Due to its recurrent nature, the recurrent neural network is a type of artificial neural network designed to handle sequential data, such as time series, natural language, and speech. RNNs have a feedback loop that allows information to be passed from one step in the sequence to the next, enabling them to use context and previous inputs to inform current predictions.
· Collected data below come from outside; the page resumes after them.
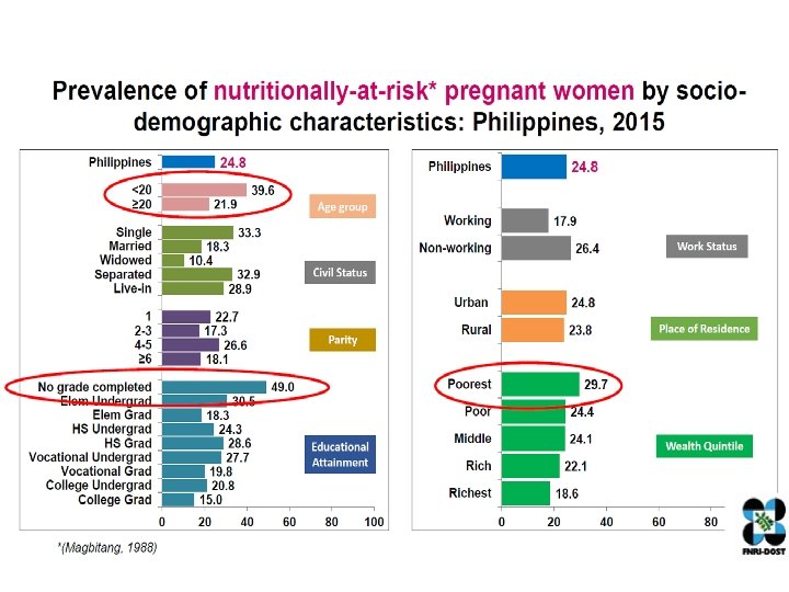Trends in the prevalence of nutritionally at-risk pregnant and lactating women, 1998 -2015 40 30, 7 30 26, 6 20 17, 6 10 28, 4 19, 8 16, 1 25, 0 24, 8 24, 7 21, 7 22, 4 17, 7 13, 6 Pregnant women 0 26, 3 1998 2000 2002 2004 Lactating women 2006 2008 2010 2012 2014 Source. National Nutrition Surveys. Food and Nutrition Research Institute, DOST
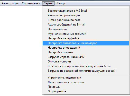 Выберите пункт меню "Сервис-Настройка автозаполнения номеров".
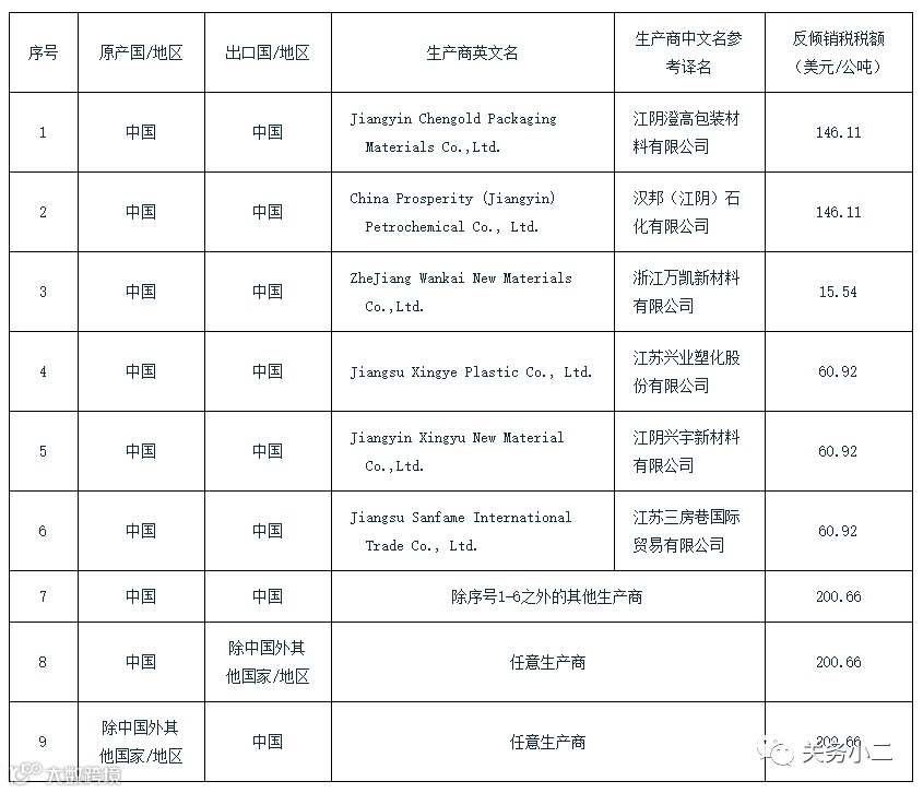 2020年12月28日,印度商工部发布公告称,对原产于或进口自中国的特性粘度≥0.72分升/克的聚对苯二甲酸乙二醇酯树脂(Polyethylene terephthalate resin having an intrinsicviscosity of 0.72 decilitres per gram or higher)作出反倾销肯定性终裁,建议对中国涉案产品征收有效期为5年的反倾销税,税额为15.54~200.66美元/公吨,具体征税详情见附表。涉案产品的印度海关编码为39076910和39076990。
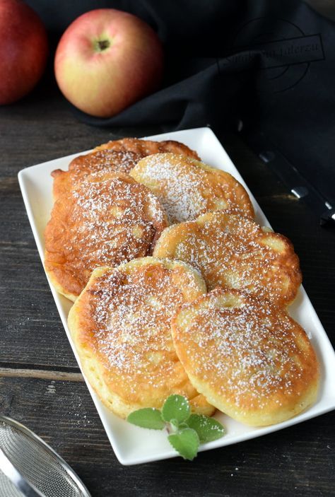 Ніжні оладки зі шматочками соковитого яблука відмінно поєднуються зі сметаною, ягідним варенням, медом, кленовим сиропом або нутеллою.
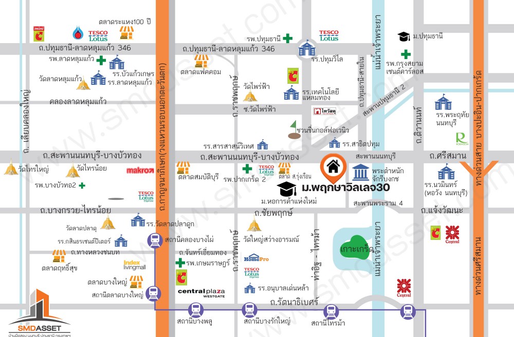 - ทำเลศักยภาพ ติดถนน 345 เชื่อมต่อชัยพฤกษ์ ราชพฤกษ์ และกรุงเทพ–ปทุมธานี ใกล้บิ๊กซี โลตัส โรบินสันไลฟ์สไตล์ ราชพฤกษ์ ไทวัสดุ เดอะไนน์ เซ็นเตอร์ ติวานนท์ โรงเรียนพระแม่มารีอุปถัมภ์ และโรงพยาบาลปทุมธานี

This makes them particularly useful for language modeling, speech recognition, and machine translation [38]. For sentiment analysis [39], speech recognition [40], and machine translation [41], a long short-term memory (LSTM) network performs better than a standard RNN. This network can learn new data and discard old information by switching the self-connected hidden units with memory blocks, thereby overcoming the Hochreiter and Schmidhuber-introduced vanishing gradient problem with conventional RNNs [38]. Bidirectional LSTM networks add a second layer to unidirectional LSTM networks to depict a sequence in both the forward and backward directions (see Fig. 2) [27]. By connecting the hidden states of forward and backward LSTMs, this model can use information from the past and future to its advantage, enabling it to extract usable features of high-semantic information from word embeddings. BiLSTM requires unfolding both forward and backward hidden states at each time step, whereas conventional networks can conduct forward and backward passes without doing so. Use a time-varying backpropagation strategy to train the BiLSTM networks.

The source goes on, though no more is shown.